2012 Proxy Season Review

James Morphy, a partner at Sullivan & Cromwell LLP, has written a fairly thorough report of the 2012 proxy season, available as a pdf. I mention it here primarily to bookmark it.

He includes a good review of the movement to split CEO and chair positions. I expect more such proposals in the future as many wake up to the fact that a “lead director” falls short.

Highest vote percentages were reported for adopting a new right to hold a special meeting (averaging 52%), act by written consent (45%), declassify board (81%), adopt majority voting (57%), eliminate supermajority requirement (69%).

Directors were punished the most for failure to act on a successful shareowner proposal and poor attendance (both received only 62% vote). Overboarding was next (68%).

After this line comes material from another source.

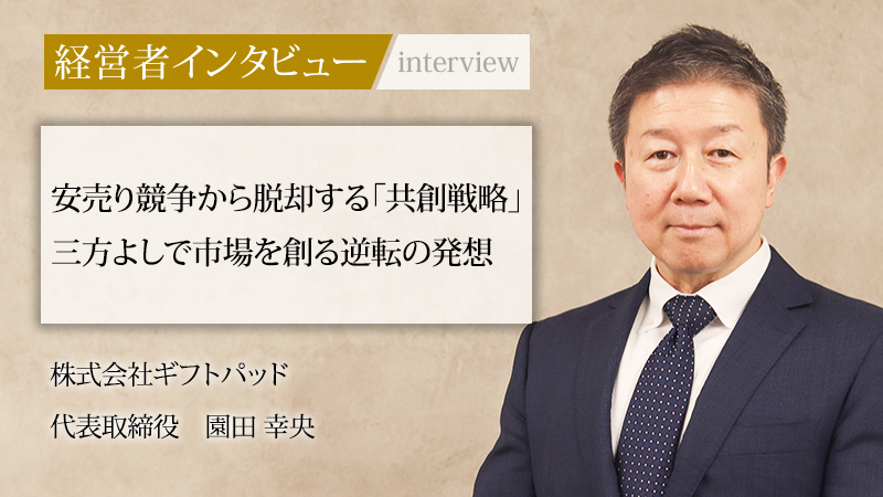 株式会社ギフトパッドは、従来の紙のカタログギフトをWeb化するオンラインギフトサービスから出発し、企業や自治体のニーズに応える多様なソリューションへと事業を拡大してきた。同社は、関わる全ての人々が幸せになる「三方よし」の精神をビジネスモデルの根幹に据え、顧客起点の柔軟なサービス開発力を強みとする。ギタリストから英会話講師、医療コンサルタントという異色の経歴を持つ代表取締役の園田幸央氏に、その独自の経営哲学と日本経済の未来を見据えた展望について話を聞いた。

The memo also covered the following:

  • Quantify and discuss various categories of shareholder proposals voted on this season, and highlight important trends, legal developments and practice points for companies in navigating the shareholder proposal process, including notable exclusion determinations by the SEC staff and trends in management proposals to give shareholders that right to call special meetings and act by written consent;
  • Analyze the key reasons that directors of large companies received “withhold” or “against” recommendations in 2011 and 2012, and the situations in which these recommendations were most likely to translate into a significant reduction in shareholder support;
  • Summarize the discrepancies in director independence definitions used by various shareholders and proxy advisory firms, and the potential negative implication of an adverse independence determination under these definitions;
  • Highlight the increased use by shareholder proponents of new avenues for publicizing their arguments and counterarguments regarding their proposals;
  • Discuss developments in the SEC staff’s treatment of exclusion requests under Rule 14a-8; and
  • Address annual meeting disruptions by protest groups in 2012 and steps that companies can take to deal with the increased likelihood of disruptions at annual shareholder meetings.

A prior memo of June 19, 2012, dealt with “Proxy Access Proposals – Review of 2012 Results and Outlook for 2013.” The July 9 update corrected an earlier error that I pointed out concerning submissions by Norges Bank in my own post, 2012 Proxy Access Efforts.